Знаменитая писательница призналась, что жить ей сейчас очень нравится, и поделилась секретом, как этого достичь

Прошлой осенью Виктория Самойловна отметила 75-летие и наконец собралась в город своего детства, чтобы впервые представить творческий вечер в Большом зале Филармонии. Зал этот для нее особенный, ведь Вика училась в Ленинграде по классу фортепиано — сначала в музучилище, затем в Консерватории — и всю жизнь мечтала сыграть в БЗФ. Музыкантом она не стала, как и врачом (одно время собиралась поступать в медицинский), зато, как она сама говорит: «Я стала классиком». И в устах всегда ироничной Токаревой это высказывание не звучит пафосно.

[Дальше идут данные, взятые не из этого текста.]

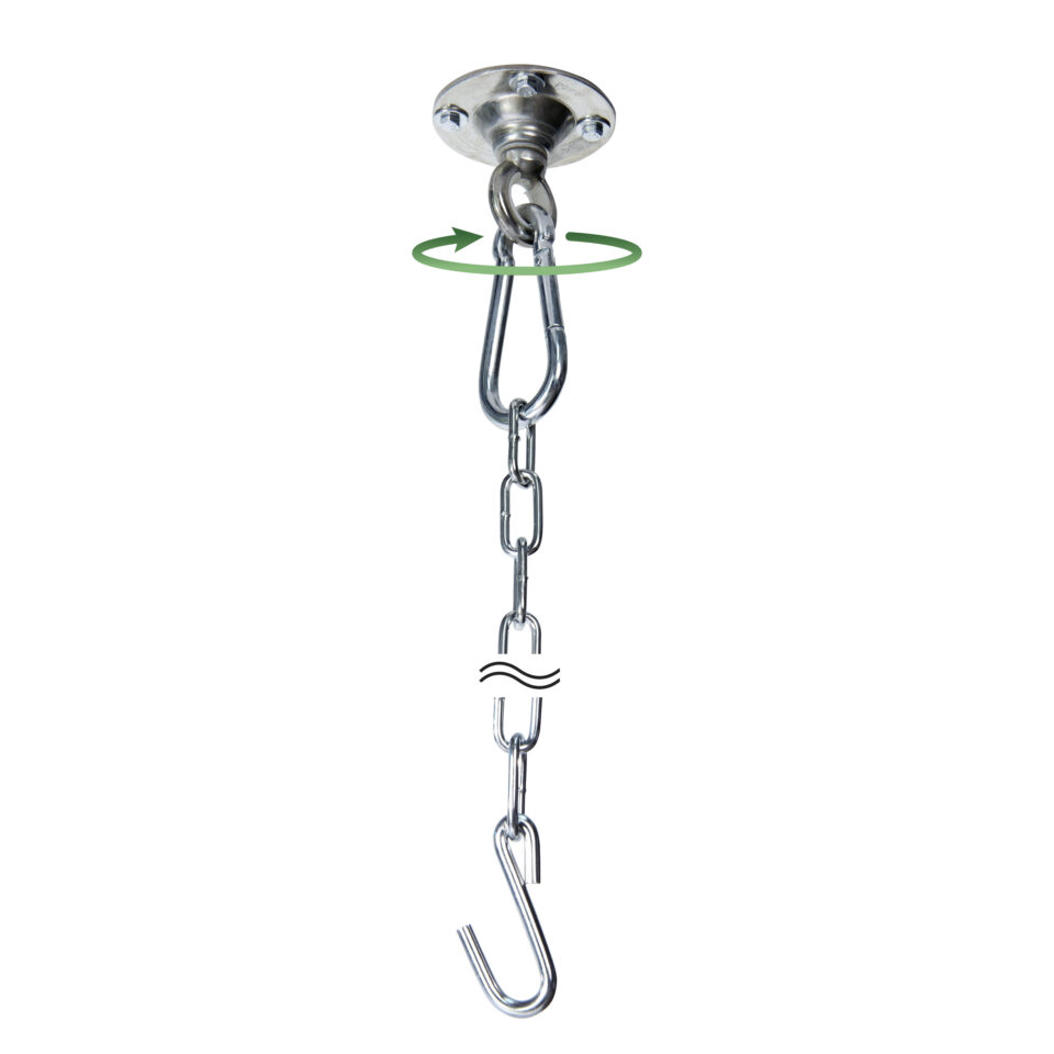 De Amazonas Power Hook bestaat uit een speciale haak incl. kogellager, ketting (ca. 78 cm, in hoogte verstelbaar), 4 bouten, 4 metalen pluggen.

Виктория Токарева — одна из любимейших писательниц поколения 1970-х


Выйдя замуж, она переехала в Москву, где, к удивлению даже друзей и близких, стала писать прозу. Одно время работала на «Мосфильме», после чего поступила на сценарный факультет ВГИКа и написала несколько эпохальных сценариев — к фильмам «Мимино», «Джентльмены удачи», «Шла собака по роялю», а в 2000 году на Каннском кинофестивале получила приз «За вклад в литературу и кино».

В последнее время новые книги Виктории Самойловны выходят не так часто, но активно переиздаются старые, а ее сборник ранее не публиковавшихся рассказов «Короткие гудки» вошел в топ-листы продаж 2012 года.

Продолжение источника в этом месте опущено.